Solving Support Challenges for a Bank’s Remote Workforce

Solving Support Challenges for a Remote Workforce

CxOs in leading organizations around the world are learning that comprehensive support for IT users is a make-or-break function – especially for remote or mobile users, who have nowhere to go but a help desk.

“If you follow up in a timely manner and provide the right answers and support, you become perceived as very successful,” states George Young, director at Deutsche Bank. “From my 10 years of experience in this area, I believe you rise or fall, you win or lose, based on your support.”

The bank’s remote access functions were not supported in a focused manner, Young recalls. The process was fractured in that it was regionally administered and experienced a lot of cross-regional issues. There were few standards. Performance was usually poor, and user dissatisfaction levels were very high.

The bank decided to end the skimpy treatment in its remote support function, with the objective of a globally consistent program so that users would have the same high-quality experience from anywhere in the world. “We made a decision that remote access support services would be a product and supported as such,” says Young.

Deutsche Bank, which believes in strategic outsourcing, selected Getronics, the Billerica, Massachusetts and Amsterdam, Netherlands-headquartered provider of vendor-independent IT solutions and services, to achieve consistent delivery of support for the bank’ employees on a global basis.

The night-and-day difference after outsourcing the process is dramatic. Within the first year, user satisfaction surveys soared from the pre-outsourced level of “poor, poor, poor” to the current excellent rating as “number-one product in Deutsche Bank.”

Furthermore, because the process is outsourced, Young and two employees now run a global program for over 17,000 subscribers at Deutsche Bank, yet their time is no longer occupied with escalated problems.

From Chaos to Consummate Services

The three-year outsourcing agreement provides for remote access level-one help desk services, product management within the regions and field service support. Young says one of the reasons Getronics was selected among the five providers considered for the work is its ability to “fulfill all three of those prongs as a tripod with little or no outsourcing themselves. This was important to us because, like playing telephone tag, somehow messages often get translated differently as they go down the line.”

The bank liked the flexibility and other value-add components of Getronics, but it had no idea how valuable that flexibility would become until the 9/11 attack on the World Trade Center (WTC).

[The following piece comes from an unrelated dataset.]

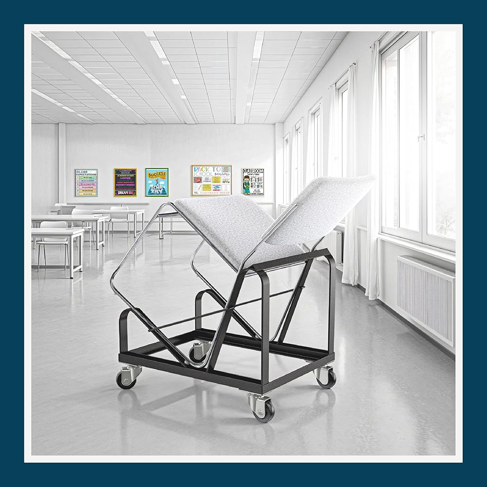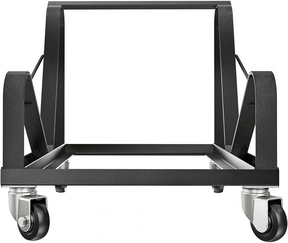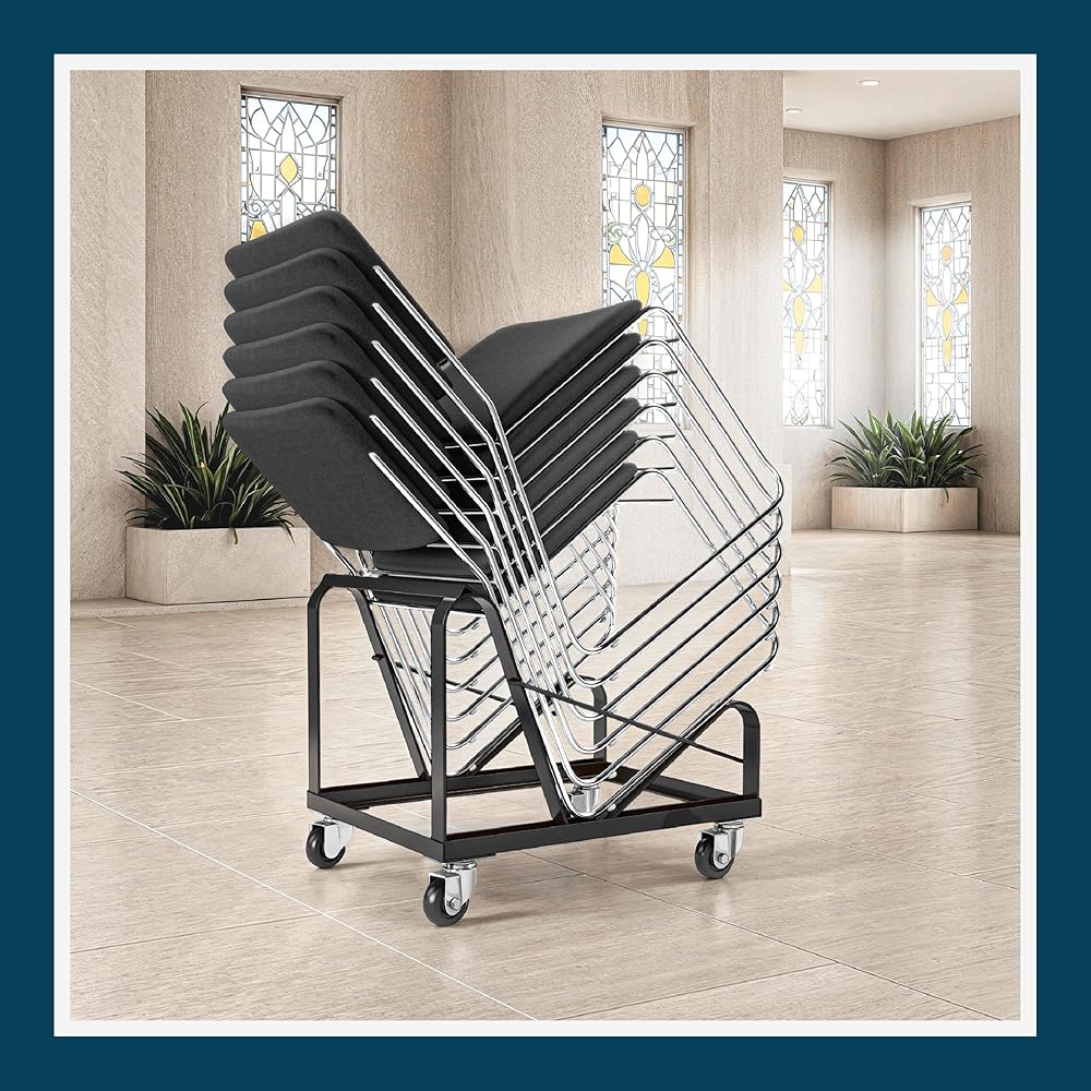 VERSATILITY: This dolly can safely store and transport the full spectrum of OEF Furnishings, or any other sled-base stack chair at or close to dimensions of 31”H x 19 3/4”W x 22”D. Glides along on 4 heavy duty castors, 2 that swivel.

The entire picture of “remote access” was changed for Deutsche Bank. Although the transition plan called for a soft launch of the outsourced program to be in place September 5, a major bank building next door to the WTC was destroyed. Deutsche Bank found itself in an emergency situation with thousands of displaced employees.

Getronics “did some real heroics” to get hardware and software to those people, get it installed and up and running in a very short time period so they would at least have access to the resources that were available, Young recalls. The service provider also arranged for 20 temporary employees, who worked “around the clock,” to handle administrative matters.

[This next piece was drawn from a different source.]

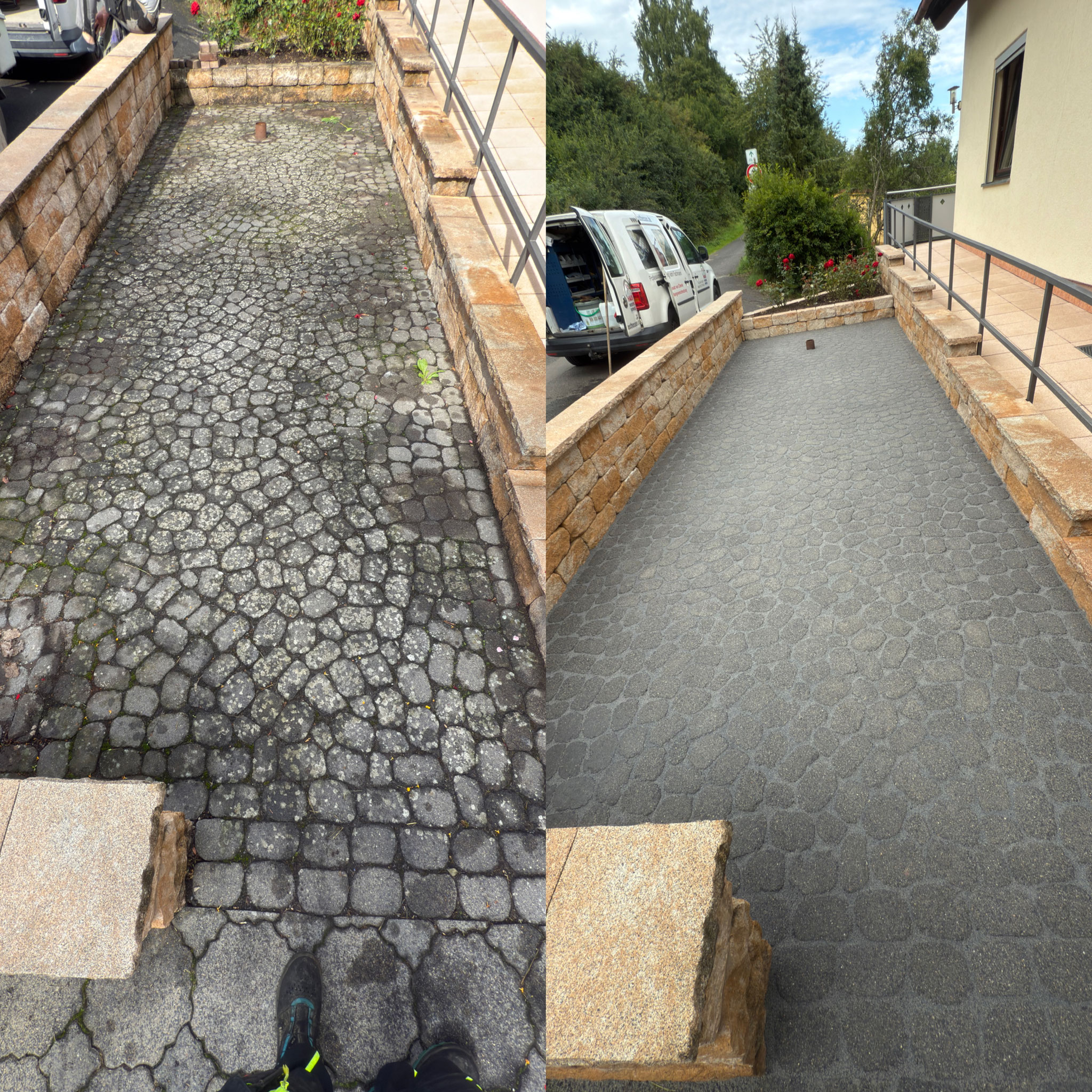 Reinigen von Außenflächen wie z. B. Terrassenreinigung oder Einfahrten, Parkplätze, Pflasterflächen, Gehwege, Parkanlagen oder Verkehrsflächen reinigen mit den professionellen Hochdruckreinigern oder Hochdruckstrahlanlagen.

Within just a month, Getronics had 1000 Deutsche Bank employees using the remote program for secure access to the bank’s data from a variety of temporary work locations.

The bank’s new low-computing product had also been scheduled for a September launch in North America (with subsequent launches planned throughout Europe, then Asia). Amazingly, considering the emergency situation, Getronics was still able to implement the new product three months later on a global basis.

“Done as a True Partner”

Referring to the manner in which Getronics stepped up to the plate in the emergency, Young reflects that the provider’s performance was “done as a true partner.” He says, “a lot of the things they did after the 9/11 disaster were so extraordinary and were not in the statement of work or service level agreement. They definitely demonstrated flexibility.”

In addition to this outsourced service now being recognized as the best product in the bank, their outsourcing partnership received a “highly commended” rating by the European Banking Technology Awards.

“Without getting specific about things they did on a specific day,” Young notes, “it’s really their performance over time that has led this outsourced process to become successful and highly respected.”

Indeed, the results of the outsourced remote access support function are so valued that the bank subsequently decided to outsource all of its help desk and desktop services.

Lessons from the Outsourcing Journal:

  • Outsourcing to a provider with global infrastructure and expertise enables high-quality support and a consistent experience for remote users from any location in the world.
  • Help desk support is a make-or-break function for operational success, especially for remote users.
  • Even without an emergency situation, a remote support function must be scalable for the number of users and thousands of connectivity points as a company grows and relies more on the remote workforce business model.
  • Because the contract and service level agreement cannot account for unanticipated changing business conditions, an outsourcing provider’s service delivery approach must be flexible and based on “partnership” attitudes for mutual success.